For T. pallidus, we tested the program as if whole genome assembly was being used. To do so, we combined the contig sequences generated by Velvet  into one continuous DNA sequence strand with the union of two contig sequences being differentiated by the addition of 100 “N” base pairs. The addition of these “N” base pairs ensured that when we could exclude any potential STR markers that would be artificially created when we joined the separate consensus sequences. For C. juglandicola we tested the program using the raw output from Velvet  where all 474,388 contigs were represented in traditional FASTA preprocessing formatting. For both species we then used the “vcf” report generated using BWA  and SAMtools  to target polymorphic STRs.

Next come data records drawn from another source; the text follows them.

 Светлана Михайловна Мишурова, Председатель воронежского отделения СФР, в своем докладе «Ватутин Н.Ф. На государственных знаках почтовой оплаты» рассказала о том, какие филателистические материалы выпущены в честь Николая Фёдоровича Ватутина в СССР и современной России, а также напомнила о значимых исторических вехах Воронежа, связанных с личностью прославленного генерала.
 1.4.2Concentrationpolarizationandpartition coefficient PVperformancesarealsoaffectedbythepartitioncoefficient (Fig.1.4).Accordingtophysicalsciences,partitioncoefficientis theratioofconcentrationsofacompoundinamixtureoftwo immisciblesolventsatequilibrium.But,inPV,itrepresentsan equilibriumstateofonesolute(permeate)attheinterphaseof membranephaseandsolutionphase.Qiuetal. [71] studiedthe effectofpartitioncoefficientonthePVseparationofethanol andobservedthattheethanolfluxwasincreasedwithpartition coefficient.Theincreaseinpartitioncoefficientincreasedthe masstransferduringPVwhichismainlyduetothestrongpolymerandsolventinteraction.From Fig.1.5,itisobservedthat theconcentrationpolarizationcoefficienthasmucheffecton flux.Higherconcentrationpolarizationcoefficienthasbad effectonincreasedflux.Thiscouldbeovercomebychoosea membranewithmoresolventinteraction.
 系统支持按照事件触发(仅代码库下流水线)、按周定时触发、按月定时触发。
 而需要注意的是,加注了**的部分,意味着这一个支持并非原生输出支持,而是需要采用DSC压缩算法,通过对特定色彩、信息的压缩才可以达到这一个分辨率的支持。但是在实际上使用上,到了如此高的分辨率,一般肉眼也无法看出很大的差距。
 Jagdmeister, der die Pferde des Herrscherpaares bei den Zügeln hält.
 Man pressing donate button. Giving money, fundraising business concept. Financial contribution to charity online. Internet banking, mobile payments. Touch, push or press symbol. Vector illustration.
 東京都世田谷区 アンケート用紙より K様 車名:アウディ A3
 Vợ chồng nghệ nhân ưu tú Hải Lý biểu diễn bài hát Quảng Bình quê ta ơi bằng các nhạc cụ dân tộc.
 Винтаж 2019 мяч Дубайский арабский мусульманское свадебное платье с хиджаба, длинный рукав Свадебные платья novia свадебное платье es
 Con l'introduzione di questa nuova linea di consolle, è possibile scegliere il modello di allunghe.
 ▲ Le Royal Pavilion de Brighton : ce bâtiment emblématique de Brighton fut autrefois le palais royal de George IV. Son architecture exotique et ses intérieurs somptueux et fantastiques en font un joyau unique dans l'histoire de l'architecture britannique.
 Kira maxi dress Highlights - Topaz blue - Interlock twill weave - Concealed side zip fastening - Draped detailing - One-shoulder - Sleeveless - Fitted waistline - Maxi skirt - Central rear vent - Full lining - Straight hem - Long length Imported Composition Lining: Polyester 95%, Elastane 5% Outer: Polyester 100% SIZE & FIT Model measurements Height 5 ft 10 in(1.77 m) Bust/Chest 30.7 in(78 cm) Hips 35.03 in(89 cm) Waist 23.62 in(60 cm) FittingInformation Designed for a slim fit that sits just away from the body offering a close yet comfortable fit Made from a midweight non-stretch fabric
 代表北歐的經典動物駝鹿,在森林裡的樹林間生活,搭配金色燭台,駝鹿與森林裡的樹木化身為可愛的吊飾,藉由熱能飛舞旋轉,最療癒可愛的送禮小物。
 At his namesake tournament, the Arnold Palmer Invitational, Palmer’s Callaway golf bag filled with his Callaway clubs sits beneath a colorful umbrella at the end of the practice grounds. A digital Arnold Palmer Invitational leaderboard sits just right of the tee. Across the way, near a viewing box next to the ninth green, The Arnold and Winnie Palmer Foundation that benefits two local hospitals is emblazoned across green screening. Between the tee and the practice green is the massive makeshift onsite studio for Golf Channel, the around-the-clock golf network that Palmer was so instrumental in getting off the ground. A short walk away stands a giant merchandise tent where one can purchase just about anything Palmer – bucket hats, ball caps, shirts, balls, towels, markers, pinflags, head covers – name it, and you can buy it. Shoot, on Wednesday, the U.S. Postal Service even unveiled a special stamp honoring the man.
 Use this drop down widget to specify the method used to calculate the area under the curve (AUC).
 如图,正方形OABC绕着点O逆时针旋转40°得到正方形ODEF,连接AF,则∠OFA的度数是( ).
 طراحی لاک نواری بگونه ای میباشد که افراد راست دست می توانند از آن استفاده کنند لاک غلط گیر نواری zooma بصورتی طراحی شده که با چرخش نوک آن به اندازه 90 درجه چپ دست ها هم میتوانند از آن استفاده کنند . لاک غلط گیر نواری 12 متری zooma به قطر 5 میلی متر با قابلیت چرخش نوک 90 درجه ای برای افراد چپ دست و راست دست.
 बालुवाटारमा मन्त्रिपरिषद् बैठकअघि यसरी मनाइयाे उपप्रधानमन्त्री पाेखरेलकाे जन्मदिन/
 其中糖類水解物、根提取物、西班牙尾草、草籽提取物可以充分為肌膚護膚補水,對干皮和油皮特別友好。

To validate this approach, we filtered the data to only include those repeat regions that were; a) tri-nucleotide repeats, b) were composed of high-quality reads based on the “vcf” file, and c) had no “N” base calls within 300 base pairs of the repeat region to allow for primer construction. Though the majority of candidate STRs were di-nucleotide repeats, we selected tri-nucleotide repeats because of the known problems associated with scoring di-nucleotide STRs caused by “stutters” . For each species, we then selected the 20 tri-nucleotide candidate markers with the greatest number of repeat units. Primer pairs for all markers were generated using Primer3  as implemented in Geneious 5.6.2 . To ease multiplexing, primers were designed to be at least 20 base pairs in length and to have an optimal annealing temperature of 57°C.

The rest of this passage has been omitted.